Sam goes to school five miles away. It’s a really good school, and he’s there because we think it’s the best school for him right now. It takes about an hour each way for him to travel there and back every day. That is not that unusual – kids at Sam’s school come from all over London, in every direction.

James, a carer or I take and collect Sam two days a week. We chose to do that, so we see his classroom and his classmates, and have chats with his teachers and assistants. The other days he gets a school bus, like almost every other child in the school since. We rarely bump into other parents at the school.

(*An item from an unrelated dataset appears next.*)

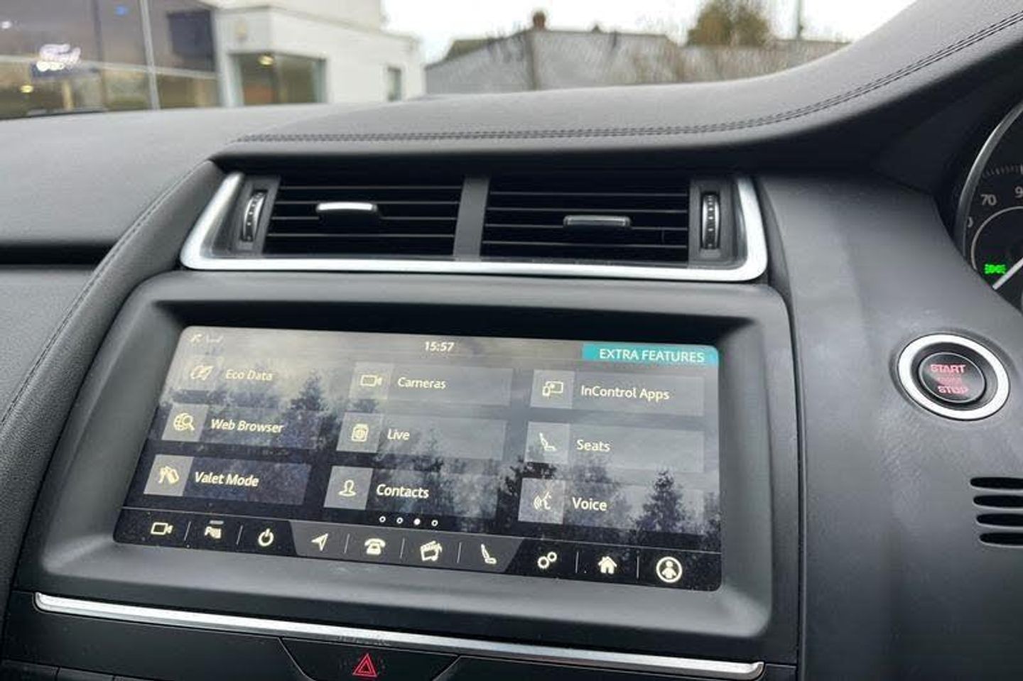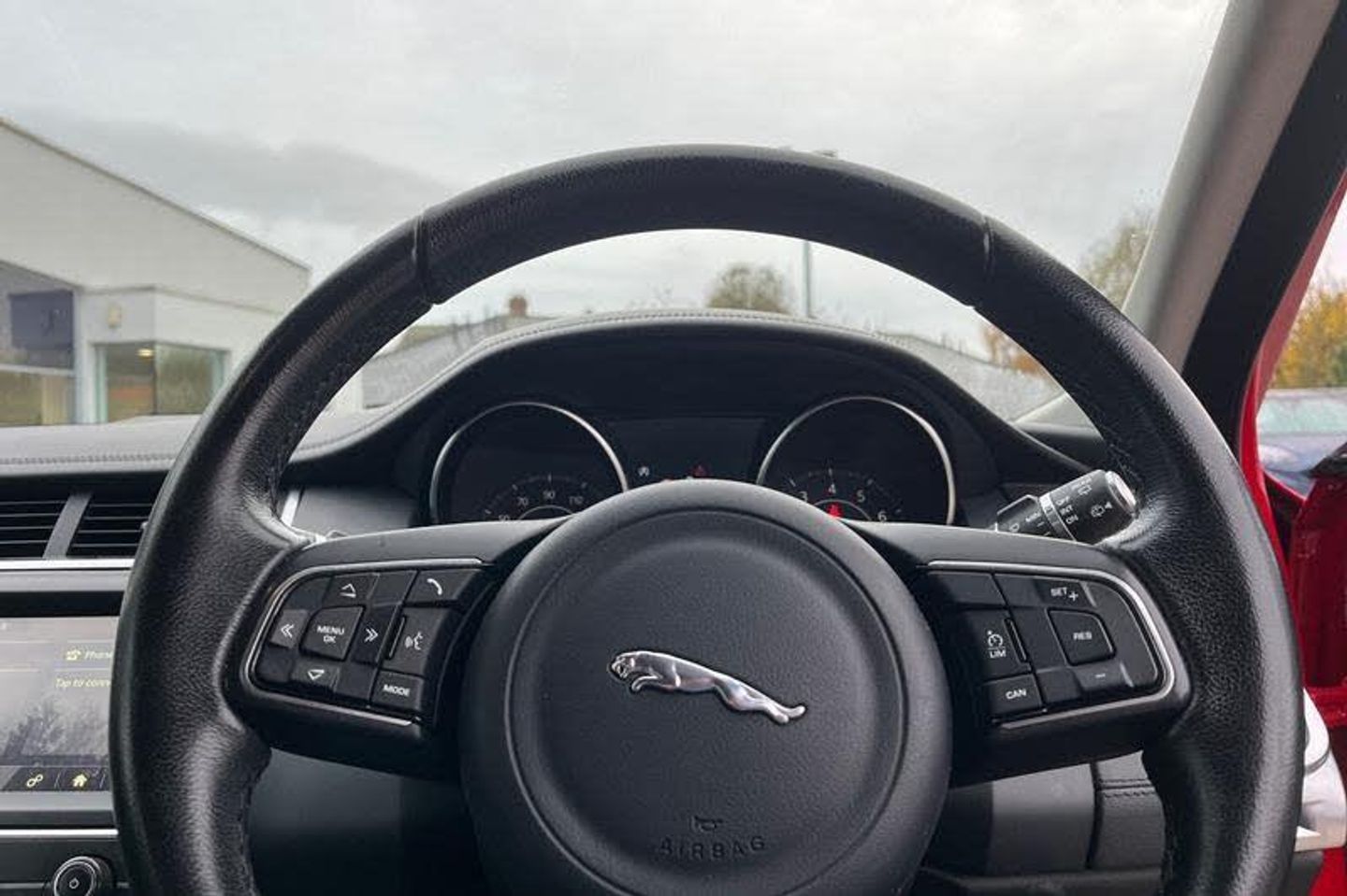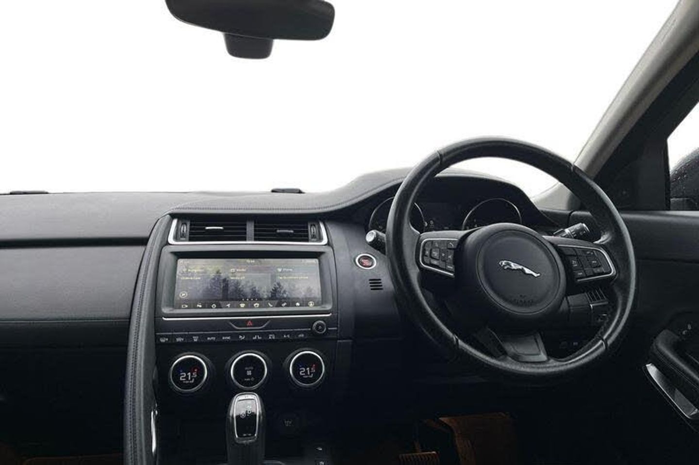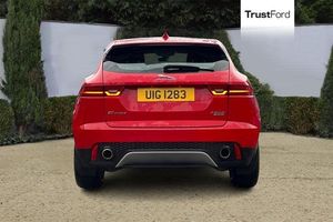 Driver condition monitor, Eco driving style assistant, Electric power assisted steering, InControl remote, InControl Touch navigation pro, Lane keep assist, Outside temperature gauge, Push button starter, Speed proportional steering, Start up sequence with movement in dials and lighting, Traffic sign recognition with adaptive speed limiter, Trip computer, Voice control system, 3 flash lane change indicators, Approach Illumination, Auto dimming rear view mirror, Automatic headlights, Body colour bumpers, Electric front/rear windows with one touch/auto up/down, Grained black door claddings, Heated front windscreen, Heated rear window with timer, Heated washer jets, Jaguar script and leaper, Rain sensor windscreen wipers, Rear fog lights, Tailgate/boot lid spoiler, Twin tailpipes with finishers, 12V power socket in rear, 2nd row 60/40 split/fold, 2nd row air vents, 3 seat bench in 2nd row, 4 Load area hooks, Centre armrest console, Centre headrest in row 2, Elasticated loadspace side strap, Front head restraints, ISOFIX on outer rear seats, JaguarDrive selector, LED lighting in overhead console, Loadspace cover, Loadspace lamp, Passive front headrests, Storage net in luggage compartment, Sunvisors with illuminated vanity mirrors, Tie down hooks in luggage area, Twin front cupholders, Two zone climate control, 350mm front brakes, 3x3 point rear seatbelts, ABS, All surface progress control (ASPC), Customer configurable autolock, DSC - Dynamic Stability Control, Electronic brake force distribution, Electronic parking brake, Emergency brake assist, Front airbags with passenger seat occupant detector, Front and rear curtain airbags, Front and rear seatbelt reminder, Front side airbags, Hill start assist, Low friction launch, Power child locks, Torque vectoring brake, Tyre pressure monitoring system

Years ago, we looked at Eli’s current school as a school for Sam. They were willing to consider it, but he would have been the only physically disabled child in the school and they had no track record of teaching a child like him. We decided it was better for Sam to go to school further away that had proven expertise in teaching children like Sam, in helping them to communicate and in maximising their potential.

We think this was the right decision for Sam, but it means we removed him from his local community. It is only through our efforts to engage him in local activities outside school (and my reliably local family) that he will have any sense of belonging in our little bit of south London. As I have written about before, life is all about human connections and this is more important, not less, for children with disability for whom interacting is challenging.

In some ways this is where Eli comes in, as an unwitting but ever reliable social conduit. He invites his friends over, and then Sam is surrounded by boys playing with helicopters. Those boys, and their mums, dads, sisters and brothers,meet Sam and then recognise him in the street. They ask questions and get to know him. We take Sam to the Christmas Fair at Eli’s school, where he meets Eli’s teachers, other parents and kids, and really enjoys the Salvation Army brass band (obviously).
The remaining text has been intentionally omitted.